Бессмертные боги, сколь же велико достоинство этой науки, сколь велико ее совершенство, сколь велика сила и мощь, сколь велика также ее краса. Сосредоточьтесь же мыслью, соберитесь, молю вас, и делайте, что вам скажу. Вообразите — ибо дух ваш и мысли свободны, и вы, посредством разума, можете в вашем уме представить любой образ, как если бы он был на самом деле — итак, вообразите и держите перед мысленными очами саму Науку в обличье и виде девы; соберите в ней все идеи, которые составляют Науку — разве она не подобна Елене Зевксида или, вернее, самой Елене, Палладе, Юноне, Диане, Венере? Без сомнения, она далеко превзойдет красою их всех, и пригожесть ее, зримая разумом, никак не может вместиться в слова. О, какую любовь возбудила б она, какой пыл, какое желание, и даже, коли можно мне так сказать, какое вожделение приблизиться, обнять, насладиться ею, если б дух мог узреть ее так, как она есть и может быть зримою в этой сфере…[297]
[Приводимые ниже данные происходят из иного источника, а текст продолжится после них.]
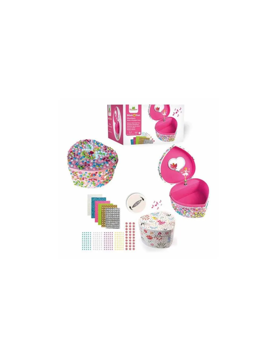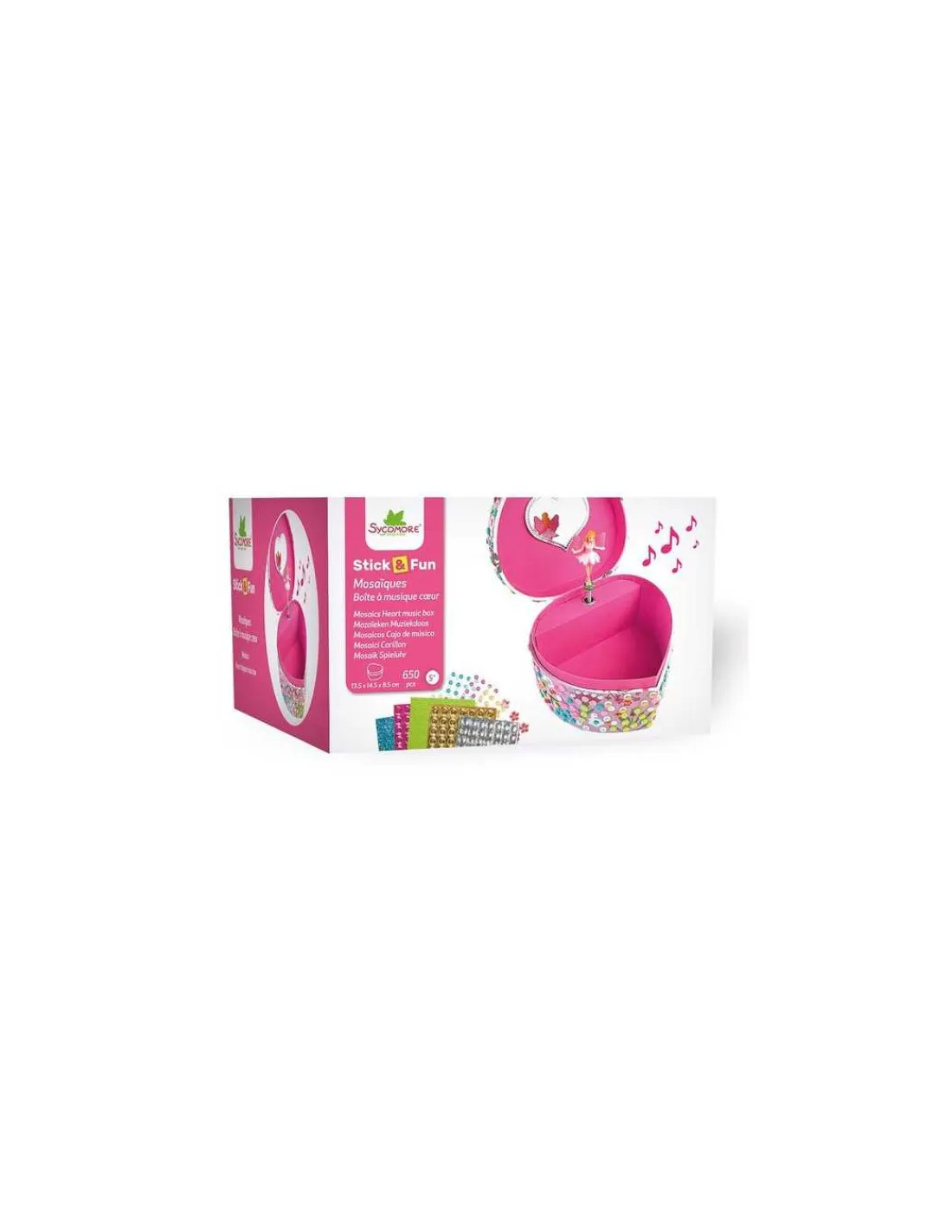 Découvrez le coffret boite à musique coeur 3D mosaïques de Sycomore, une boite à bijoux de la collection Stick & Fun en forme de coeur pour les enfants à partir de 5 ans qu’ils vont pouvoir décorer.

Нет необходимости говорить, что Рафаэль или те, кто ему советовал, могли не знать об этом конкретном тексте, как и о приведенных выше образчиках того же жанра. Главное, что они должны были внушить молодому живописцу — убеждение в том, что красота — один из атрибутов божественного. Впрочем, художнику рафаэлевского склада об этом не надо было и говорить. Вся традиция христианского искусства, тем более — христианской поэзии, невозможна без этого основания.

Рафаэль Санти. Станца делла Сеньятура. Роспись потолка: Поэзия. Фрагмент

Рафаэль: Поэзия. Рисунок. Виндзорский дворец, Королевская библиотека

Если Рафаэль приступал к своей задаче в подобном духе, ему, вероятно, можно было почти не объяснять на словах, как выразить идею божественности знания в цикле фресок. Возможно, он нуждался в подробном руководстве не больше, чем сочинитель торжественных песнопений — чтобы положить их на музыку.[298] Мы не знаем, каким был исходный текст наставления, но есть определенный род свидетельств, доказывающий, что программа не могла быть очень длинной или очень подробной.